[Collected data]
=== Section Start ===

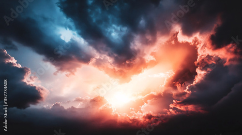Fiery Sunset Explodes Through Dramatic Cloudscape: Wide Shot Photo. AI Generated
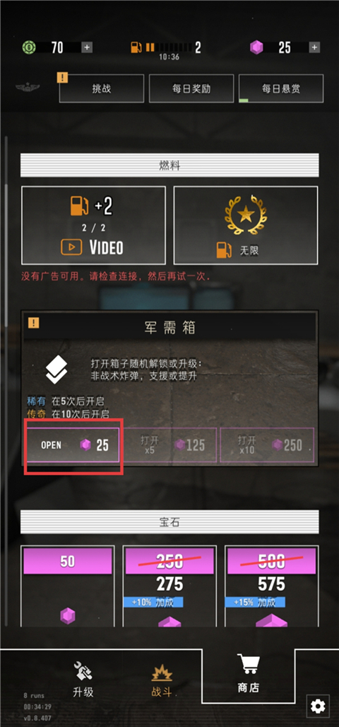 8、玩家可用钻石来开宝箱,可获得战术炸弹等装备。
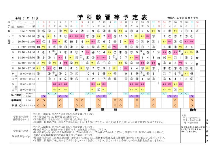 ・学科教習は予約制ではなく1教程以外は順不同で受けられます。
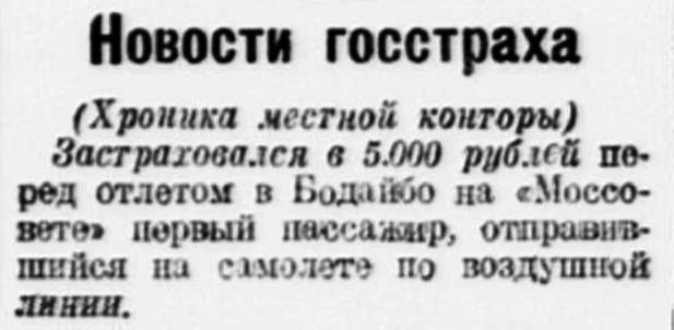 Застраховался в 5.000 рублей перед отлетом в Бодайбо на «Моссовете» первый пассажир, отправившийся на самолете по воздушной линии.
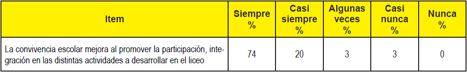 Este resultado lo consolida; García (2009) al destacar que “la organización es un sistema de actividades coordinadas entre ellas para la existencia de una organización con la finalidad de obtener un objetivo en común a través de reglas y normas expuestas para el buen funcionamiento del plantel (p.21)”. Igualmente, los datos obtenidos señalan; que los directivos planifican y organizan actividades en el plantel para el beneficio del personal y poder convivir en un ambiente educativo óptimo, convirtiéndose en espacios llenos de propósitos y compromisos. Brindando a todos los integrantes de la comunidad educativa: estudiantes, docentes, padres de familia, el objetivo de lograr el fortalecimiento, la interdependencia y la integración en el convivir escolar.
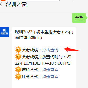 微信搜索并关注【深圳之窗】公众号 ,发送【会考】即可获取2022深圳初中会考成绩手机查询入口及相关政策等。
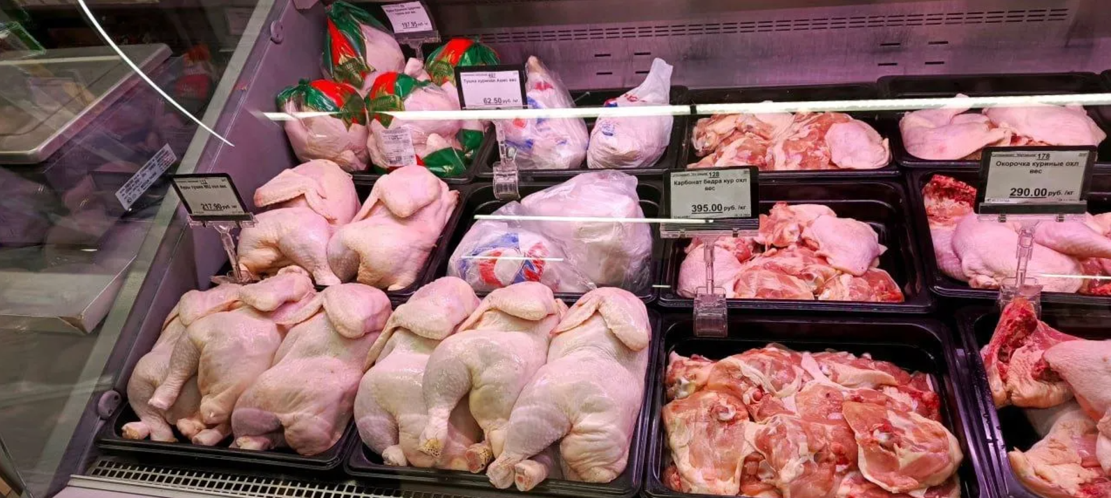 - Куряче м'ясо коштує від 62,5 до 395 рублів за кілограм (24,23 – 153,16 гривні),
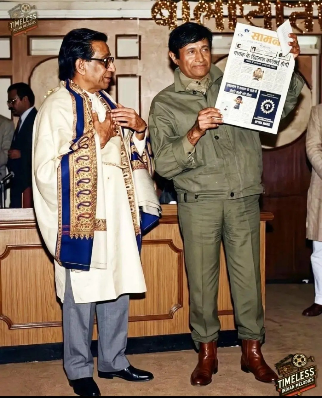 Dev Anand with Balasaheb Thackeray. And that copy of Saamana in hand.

=== Section End ===

To do:
Please return, exactly and with pictures omitted, the lines from the line holding "8、玩家可用钻石来开宝箱,可获得战术炸弹等装备。" through the end of the data above, inclusive.

Answer area:
 8、玩家可用钻石来开宝箱,可获得战术炸弹等装备。
 ・学科教習は予約制ではなく1教程以外は順不同で受けられます。
 Застраховался в 5.000 рублей перед отлетом в Бодайбо на «Моссовете» первый пассажир, отправившийся на самолете по воздушной линии.
 Este resultado lo consolida; García (2009) al destacar que “la organización es un sistema de actividades coordinadas entre ellas para la existencia de una organización con la finalidad de obtener un objetivo en común a través de reglas y normas expuestas para el buen funcionamiento del plantel (p.21)”. Igualmente, los datos obtenidos señalan; que los directivos planifican y organizan actividades en el plantel para el beneficio del personal y poder convivir en un ambiente educativo óptimo, convirtiéndose en espacios llenos de propósitos y compromisos. Brindando a todos los integrantes de la comunidad educativa: estudiantes, docentes, padres de familia, el objetivo de lograr el fortalecimiento, la interdependencia y la integración en el convivir escolar.
 微信搜索并关注【深圳之窗】公众号 ,发送【会考】即可获取2022深圳初中会考成绩手机查询入口及相关政策等。
 - Куряче м'ясо коштує від 62,5 до 395 рублів за кілограм (24,23 – 153,16 гривні),
 Dev Anand with Balasaheb Thackeray. And that copy of Saamana in hand.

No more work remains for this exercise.